The agency cut Egypt's long-term, foreign- and local-currency sovereign credit ratings to B+ from BB-, saying a "weak political and economic profile" had worsened further.
Egypt's ruling army council said it was doing all it could to prevent more violence. In a statement, it apologized, offered condolences and compensation to families of the dead, and promised a swift investigation into who was behind the unrest.
NO ELECTION DELAY
A ruling council member, General Mamdouh Shaheen, told a news conference the parliamentary vote, whose first stage is due to begin Monday, would go ahead on time. "We will not delay elections. This is the final word," he said.
Another council member, Major-General Mokhtar al-Mullah, took a swipe at the demonstrators. "If we look at those in Tahrir, regardless of their number, they do not represent the Egyptian people, but we must respect their opinion," he said.
Mullah said the army hoped to form a new government before Monday to replace Prime Minister Essam Sharaf's cabinet, which resigned during this week's violence without giving a reason.
Demonstrators in Tahrir said the truce had taken hold from midnight. Cranes hauled concrete barriers, later reinforced with barbed wire, across streets leading to the nearby Interior Ministry, flashpoint for much of the recent violence.
"Since about midnight or 1 a.m. there were no more clashes. We are standing here to ensure no one goes inside the cordon," said Mohamed Mustafa, 50, among a group barring a street nearby.
They were guarding a barricade made of a broken metal fence, a telephone booth laid on its side and part of a lamp post.
At the other end of the street, littered with shattered glass, lumps of concrete and heaps of rubbish, at least two army armored personnel carriers blocked the route.
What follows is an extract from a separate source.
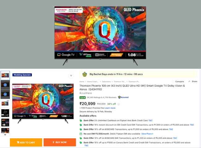 ఈ థాంసన్ క్యూలెడ్ స్మార్ట్ టీవీ ఈరోజు ఫ్లిప్ కార్ట్ సేల్ నుంచి 34% డిస్కౌంట్ తో రూ. 20,999 ప్రైస్ తో లిస్ట్ అయ్యింది. ఈ టీవీని SBI మరియు HDFC క్రెడిట్ కార్డ్ ఆప్షన్ తో కొనుగోలు చేసే వారికి రూ. 1,500 డిస్కౌంట్ కూడా లభిస్తుంది. ఈ ఆఫర్ తో ఈ స్మార్ట్ టీవీ కేవలం రూ. 19,499 రూపాయల ధరకు లభిస్తుంది.
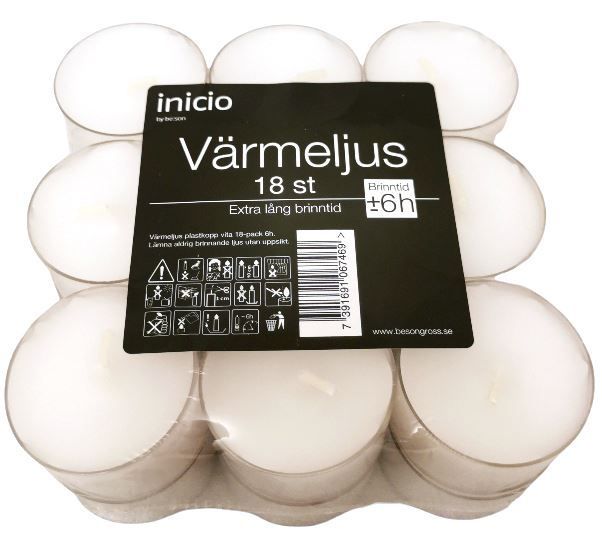 Välj kategori Click & collect Inicio · Värmeljus 6h, 18-pack, Plastkopp 39 kr Lägg i varukorg Click & collect Beskrivning Värmeljus med plastkopp, 6h. 18-pack Art.nr: 31476

Mustafa's group said police were on the front line, and behind them the army.
Lines of Tahrir protesters manned similar barriers to block access to Mohamed Mahmoud Street, scene of repeated fighting.
"We have created a space separating us from the police. We are standing here to make sure no one violates it," said Mahmoud Adly, 42, part of a human cordon four ranks deep.
The protests in Cairo and elsewhere pose the gravest challenge to Egypt's army rulers since they took over from Mubarak, overthrown on February 11 after an 18-day uprising.
The thousands who thronged Tahrir Square were undeterred in their determination to rid Egypt of army rule. "He goes, we won't," declared a banner referring to the army commander, Field Marshal Mohamed Hussein Tantawi.
The United States and European nations, alarmed at the violence of the past few days, have urged Egypt to proceed with what has been billed as its first free vote in decades.
LACK OF TRUST
The army and the Muslim Brotherhood, which expects to do well in the polls, say it must go ahead, but many protesters do not trust the military to oversee a clean vote. Some scorn the Brotherhood for its focus on gaining seats in parliament.
The military council originally promised to return to barracks within six months, but then set a timetable for elections and drawing up a new constitution that would have left it in power until late next year or early 2013.
Tantawi pledged this week to hold a presidential vote in June that could pave the way for a transfer to civilian rule, but the demonstrators, angered by army attempts to shield itself legally from future civilian control, are unconvinced.
"The military council must leave and hand power to civilians. They don't want to leave so that their corruption isn't exposed," said 23-year-old student Ahmed Essam.
Before the truce, protesters had fought running battles with security forces around the Interior Ministry. The bloody chaos there contrasted with normal life in streets nearby.